There is a natural limit or caveat to recall when dealing with Horizontal thinking however. One of the tools used fairly liberally is the construction of analogies. Case in point, Dr. Barnett’s borrowing of the concept of System Perturbation from complexity and chaos theorists. It is not used in PNM * exactly* the way the originators of the term would use it in their field but since the global economy of nation-states is a complex system of subsystems, it’s a theory with real-world traction.
When you wander further and further from the sure ground of your own expertise, the greater the risk of your analogy becoming a false model. Collounsbury has been driven to distraction at times by the application of the lessons of the Soviet collapse/Cold War to the Arab-Islamic World. Sometimes there is transfer, particularly with Arab states that consciously aped the East bloc in structure, policy and institutions but often times not.
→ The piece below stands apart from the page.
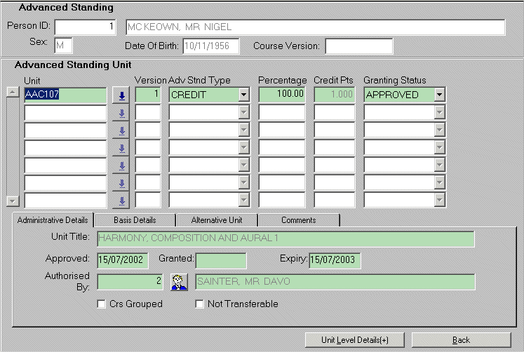 This is the context block and displays details of the student and course version to which advanced standing unit details displayed in the block below apply. This screen is invoked via the navigation button in either the Student Advanced Standing screen or the Advanced Standing Unit Level Details screen. The information displayed here is for the same student and course version as selected in that screen. No queries can be performed in this block. |
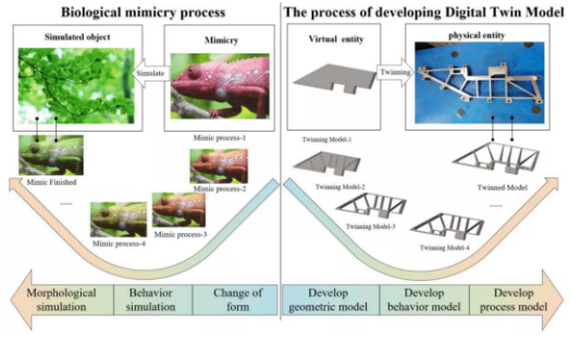 针对以上问题,本文提出了一种基于生物拟态的数字孪生建模方法,该方法能够自适应地构建加工过程的多物理数字孪生体。利用这种方法,我们开发了多个数字孪生子模型,如几何模型、行为模型和过程模型。这些数字孪生子模型可以相互作用,构成物理加工过程的完整真实表示。为了验证所提出的基于仿生的数字孪生建模方法的有效性,我们对该方法在导弹空气舵的加工过程的监控中进行了测试。

I’ve been guilty of the false analogy here ( my area of concentration in history was US-Soviet relations) occasionally in my analysis and I have not minded a bit when Col or Juan Cole corrected me. Calling me on my sloppy reasoning only makes me sharper.
Horizontal thinking is energized and made purposeful by the cross-disciplinary debate it is intended to evoke. It shakes the vertical experts out of their narrowly framed box and keeps the horizontal visionaries tethered to earth.